Both talk about how getting a fridge with an ice-dispenser was a major status symbol, and likening an internet-connected appliance that texts you when supplies are running low to a nagging girlfriend.
And both include the punchline: ‘Why can’t you be more like the kettle?’
Davies has been performing the routine since 2015 and has a video recording from the Komedia comedy club in Brighton from that year to prove it. Chortle mentioned the routine when reviewing Davies in the final of the 2017 English Comedian Of The Year.
He said Kurd was at a gig in Up The Creek in April of that year when he performed the routine, and that he had previously challenged his fellow comic over the gag.
Davies, above, told Chortle: ‘At the end of 2019 a few other comedians told me that Kae was doing my routine. I messaged him and he called me on the phone. He said that his routine was significantly different. I was upset but I hadn't seen it his actual routine so couldn't say for sure.’
But then, Davies says: ‘Last Saturday I got a flurry of messages from other comedians saying Kae did my bit on television. So I watched it.
‘I understand that parallel thinking happens but there are too many bits and turns of phrases that are similar.
‘What I think happened is Kae saw me do it, forgot I did it, then thought he had independently come up with the routine.

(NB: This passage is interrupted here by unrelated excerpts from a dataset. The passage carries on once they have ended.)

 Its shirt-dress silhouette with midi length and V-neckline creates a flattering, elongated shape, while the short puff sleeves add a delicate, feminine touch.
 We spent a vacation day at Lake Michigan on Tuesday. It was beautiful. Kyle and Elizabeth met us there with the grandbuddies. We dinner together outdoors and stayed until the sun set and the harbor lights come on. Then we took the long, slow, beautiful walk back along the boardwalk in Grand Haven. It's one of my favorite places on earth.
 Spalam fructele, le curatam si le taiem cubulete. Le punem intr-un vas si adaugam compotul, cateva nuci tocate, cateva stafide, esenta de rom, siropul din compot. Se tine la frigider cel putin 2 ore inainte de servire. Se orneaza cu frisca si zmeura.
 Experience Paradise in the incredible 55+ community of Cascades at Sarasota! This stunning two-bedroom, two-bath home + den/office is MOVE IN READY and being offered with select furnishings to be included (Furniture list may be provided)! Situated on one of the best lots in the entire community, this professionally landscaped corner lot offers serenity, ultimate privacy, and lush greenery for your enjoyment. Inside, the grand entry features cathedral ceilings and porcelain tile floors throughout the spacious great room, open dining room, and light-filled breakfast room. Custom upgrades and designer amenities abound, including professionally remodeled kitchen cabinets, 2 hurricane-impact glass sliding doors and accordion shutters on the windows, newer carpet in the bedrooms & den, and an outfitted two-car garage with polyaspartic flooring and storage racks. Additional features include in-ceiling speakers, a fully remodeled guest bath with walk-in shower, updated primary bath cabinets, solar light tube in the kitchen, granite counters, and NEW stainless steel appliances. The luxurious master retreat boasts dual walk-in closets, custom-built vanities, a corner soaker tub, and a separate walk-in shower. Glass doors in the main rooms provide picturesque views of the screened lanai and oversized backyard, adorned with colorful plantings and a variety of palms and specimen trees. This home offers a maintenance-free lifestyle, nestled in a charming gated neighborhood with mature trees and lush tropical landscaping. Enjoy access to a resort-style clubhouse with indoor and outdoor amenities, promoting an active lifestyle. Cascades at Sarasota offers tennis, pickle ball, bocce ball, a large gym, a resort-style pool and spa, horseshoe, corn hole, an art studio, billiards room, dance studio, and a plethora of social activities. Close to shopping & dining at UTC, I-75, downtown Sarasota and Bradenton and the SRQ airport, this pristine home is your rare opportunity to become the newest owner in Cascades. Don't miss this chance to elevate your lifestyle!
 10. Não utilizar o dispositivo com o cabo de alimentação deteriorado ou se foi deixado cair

‘It's seem almost impossibly unlikely that Kae would independently write a joke that has the four ostensibly unrelated cornerstones of: 1) I've come of age by buying a fridge; 2) ice dispensers are a proxy for wealth; 3) an internet connected fridge messaging me as if it were a partner; 4) kettles don't need to be internet connected.

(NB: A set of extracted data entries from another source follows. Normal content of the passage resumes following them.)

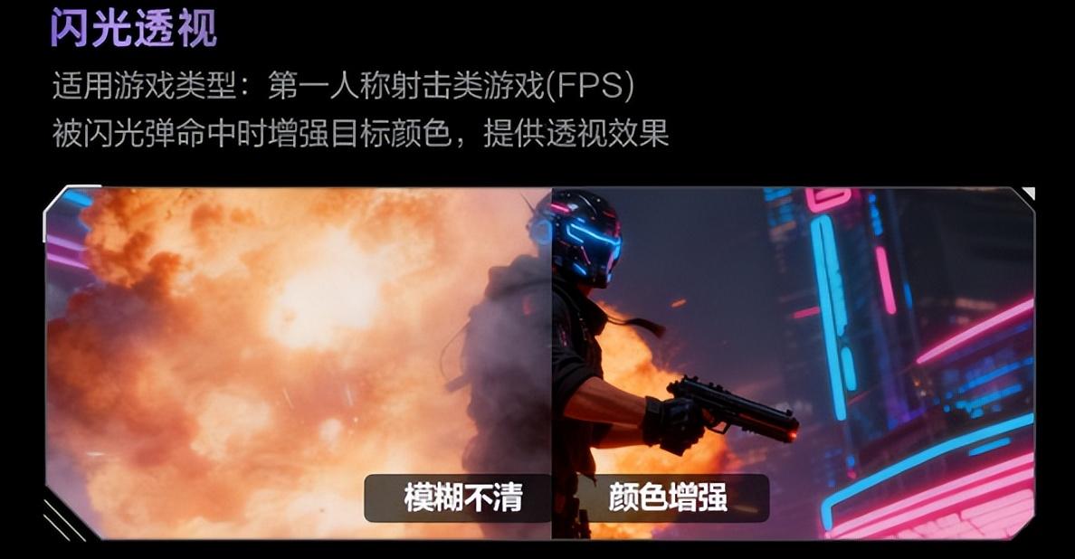在 FPS 遊戲中,AGON愛攻 的 AI 技術構建起玩家的視野護城河。面對敵人藏於複雜場景的痛點,AI能進行像素級目標分析,抓取人物輪廓、運動軌跡甚至武器反光細節,高亮標註目標,整個過程十分迅捷;而針對閃光彈致盲這一致命問題,AGON 愛攻的閃光透視可在拖閃瞬間讓畫面清晰,讓視野恢復時間大大提前,爲反擊創造關鍵窗口。
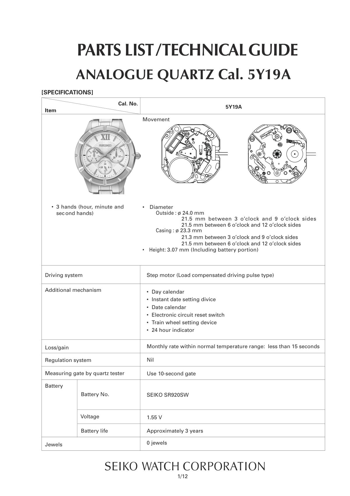 Seiko Caliber 5Y19 Technical informationWatches with the 5Y19 movement5Y19-0AA05Y19-0AC05Y19-0AD05Y19-0AE0
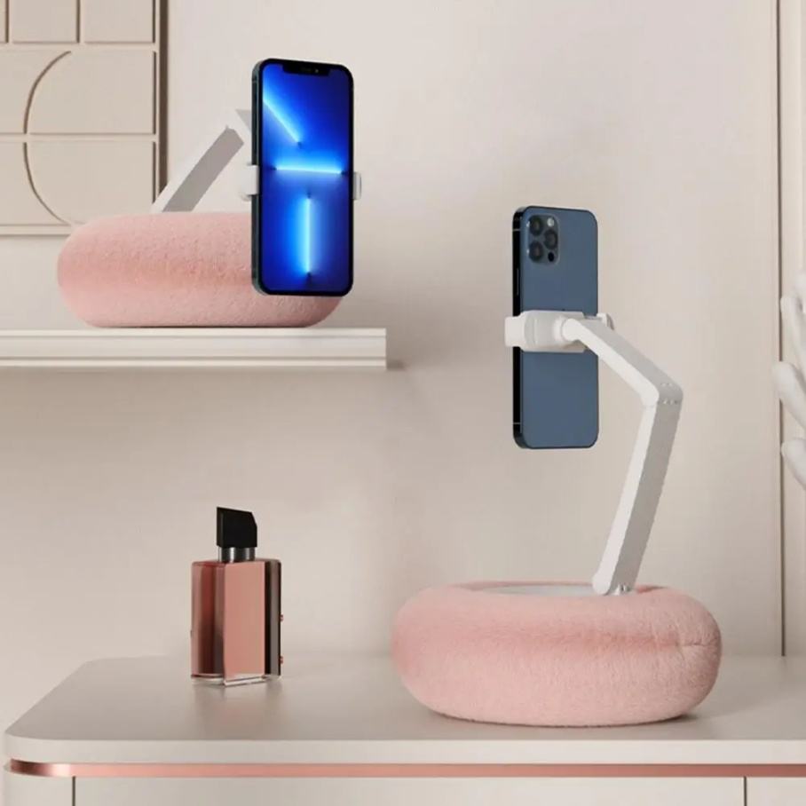 Support de téléphone et de tablette en peluche d'usine, support de bureau réglable en longueur et en angle, support de tablette paresseux pour diffusion en direct, vidéo chat
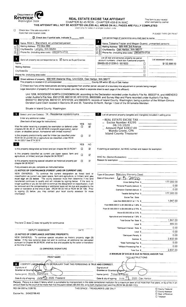 | Mailing Address: | BRANDY JO TANNER 1540 SE PIONEER WAY OAK HARBOR, WA 98277 | % Ownership: | 100.0000000000% |
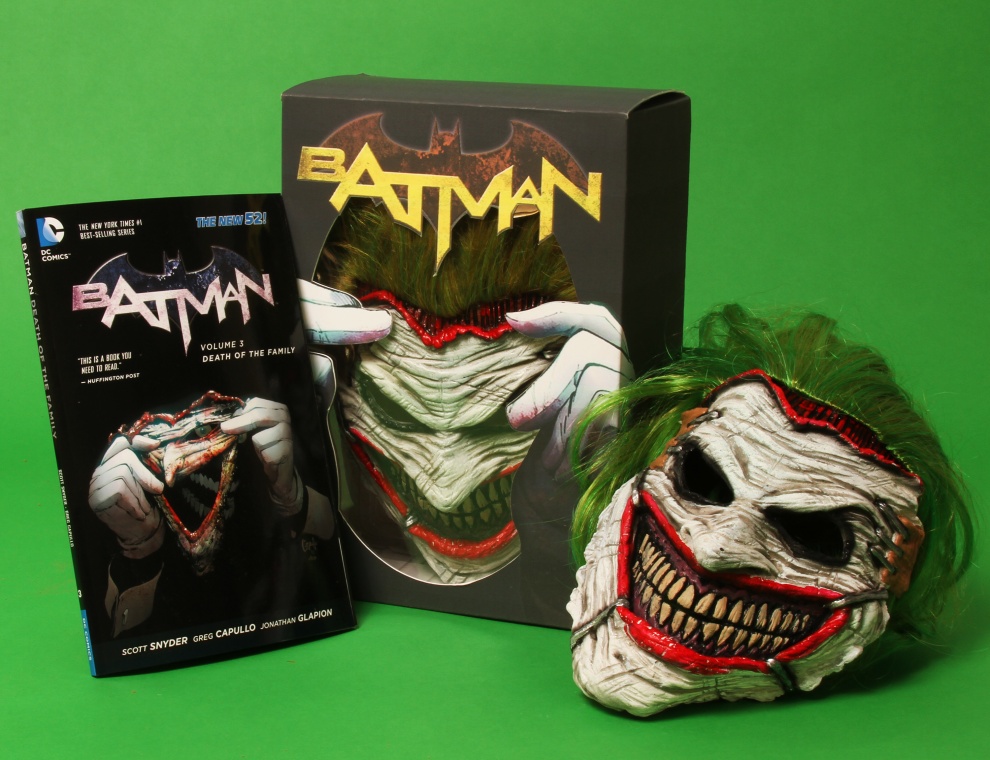 Eisner-Award winner Scott Snyder "s #1 New York Times bestselling graphic novel is now packaged the collectible Joker face mask!

‘I am absolutely certain he was heavily inspired by my routine.’
Davies said he spoke to Kurd after the ITV appearance to ‘resolve the situation amicably - maybe get a writer's credit or something’. But they did not resolve the situation, so he went public with the accusation, posting this video on YouTube comparing the two routines.
He added: ‘I’m lucky I actually have some footage of me performing the jokes, so many comedians don't in this situation.’
‘Too many times acts go on television or have a big agent and use someone's jokes, then try to gaslight the original comedian who wrote the joke.
‘Yes I am doing this to defend my work, but also other comedians - and many of us have the same story, just we don't have video to back it up.'
Because the routine has now been on TV, it makes it more difficult for Davies to use it himself on the circuit, without punters thinking he was the one who was recycling the material.
Kurd’s agents have not responded to Chortle’s request for comment.